Motivated in the analysis of algorithms, consider the following setup.
Assume we have discrete random variables $X^{(n)}_1, \dots, X^{(n)}_n$ which we can not assume to be identical or independent. The distribution of the $X^{(n)}_i$ can depend on both $i$ and $n$. Let
$\qquad\displaystyle X^{(n)} = \max_{i \in [1..n]} X^{(n)}_i$
the maximum of those. Assume furthermore that we have shown that $\mathbb{E}[X^{(n)}_i] \in O(f(n))$ for all $i$ as $n \to \infty$, so in particular $\mathbb{E}[X^{(n)}_i]$ depends on $n$. Here, $f : \mathbb{N} \to \mathbb{R}$ is a "simple" increasing function, e.g. polynomial or polylogarithmic¹.
Under which conditions can we conclude that
$\qquad\displaystyle \mathbb{E}[X^{(n)}] \in O\bigl(\max_{i \in [1..n]} \mathbb{E}[X^{(n)}_i]\bigr) = O(f(n))$?
- Actually, we'd have $\mathbb{E}[X^{(n)}_i] = g(i,n)$ for some "nice" function $g$. Since our interest is in an asymptotic bound in $n$, we drop the dependence on $i$ ensuring that $f(n)$ is an upper bound on $g(i,n)$ for all $i \leq n$ (up to a constant factor).
(Note: this answer was to an earlier version of the question.
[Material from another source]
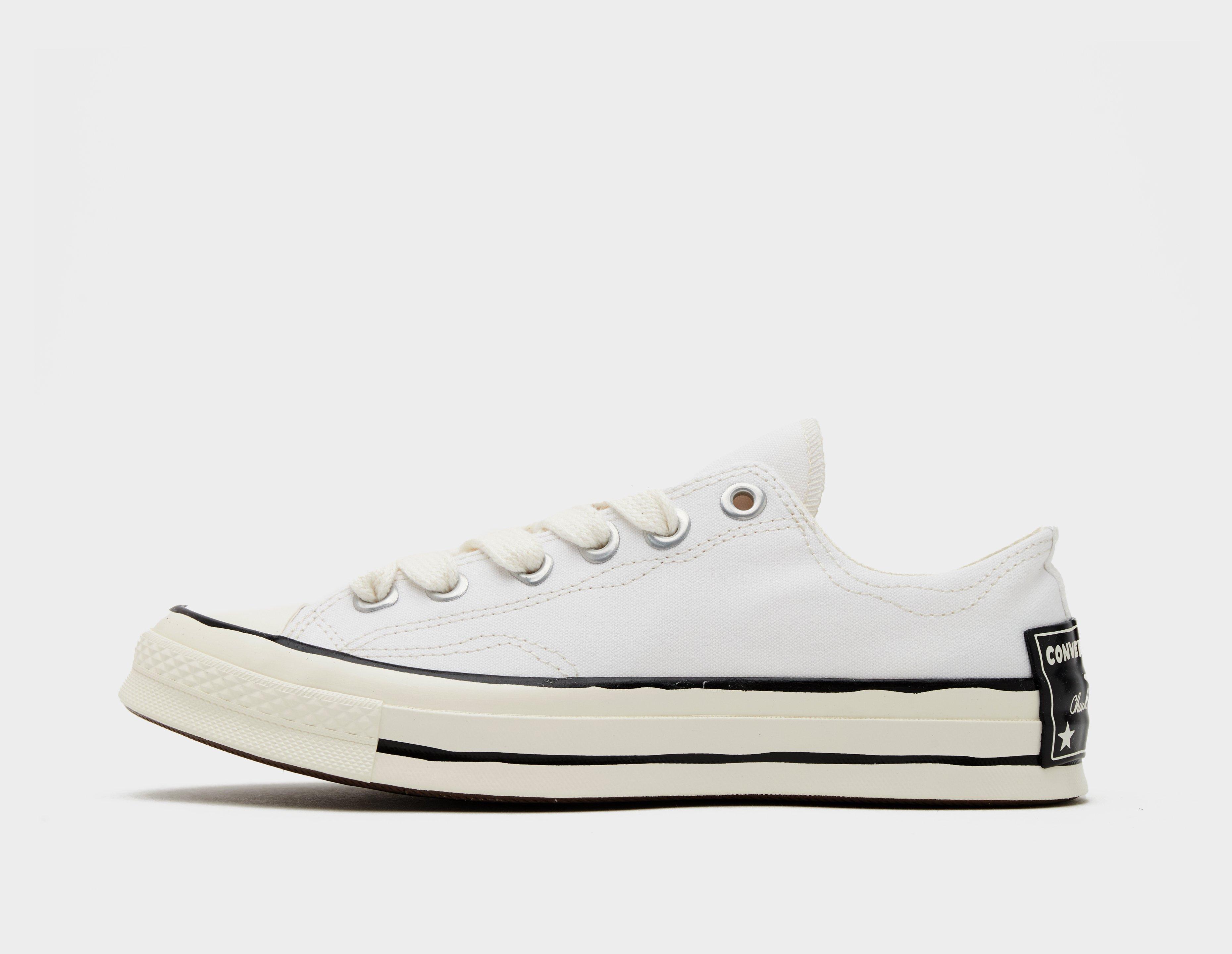 Exaggerated in cartoonish fashion, the Converse Chuck 70 Ox Sketch offers up something a little different by the Massachusetts label. The premium canvas upper opts for wavy contrast stitching, while the pinstripe foxing tape is hand drawn – a playful touch. Underfoot, OrthoLite cushioning incorporates contemporary comfort throughout the midsole, while an enlarged license plate graces the heel cap mirroring the effect of a car bumper sticker. | A08525C

My understanding was that the distribution of $X_j$ was fixed. The current version of the question indicates that the parameters of its distribution depend on $n$ also. The bounds still apply, but may be less directly useful for this scenario.)
Since you are presumably interested in how the maximum behaves as $n$ grows, let $X_{(n)}$ denote the $n$-th order statistic, i.e. the maximum among the $n$ random variables. Let $\mu_j = E[X_j]$ and $\sigma_j^2 = \text{Var}[X_j]$ for each $j$, and let $\overline{\mu} = \frac{1}{n}\sum_{j=1}^n \mu_j$. Also let $S^2 = \frac{1}{n}\sum_{j=1}^n (X_j - \frac{1}{n}\sum_{i=1}^n X_i)^2$ denote the sample variance.
It is known (see pp. 48–49 of Arnold and Balakrishnan) that $$ \overline{\mu} + E[S]/\sqrt{n-1} \le E[X_{(n)}] \le \overline{\mu} + E[S]\sqrt{n-1}. $$ Further, Arnold and Groeneveld showed that $$ \overline{\mu} \le E[X_{(n)}] \le \overline{\mu} + \sqrt{\frac{n-1}{n}\sum_{j=1}^n (Var[X_j] + (\mu_j - \overline{\mu})^2)}, $$ if this expression is more useful for your application.
If the variables are independent and have the same mean and variance as well, then Gumbel and also Hartley and David showed that $E[X_{(n)}] \le \mu + \sigma(n-1)/\sqrt{2n-1}$, although your last comment indicates this doesn't apply. Some further bounds were derived by Downey.
More information seems to be needed about the precise behaviour of $\text{Var}[X_j]$ or $\mu_j$, but this should get you part of the way there.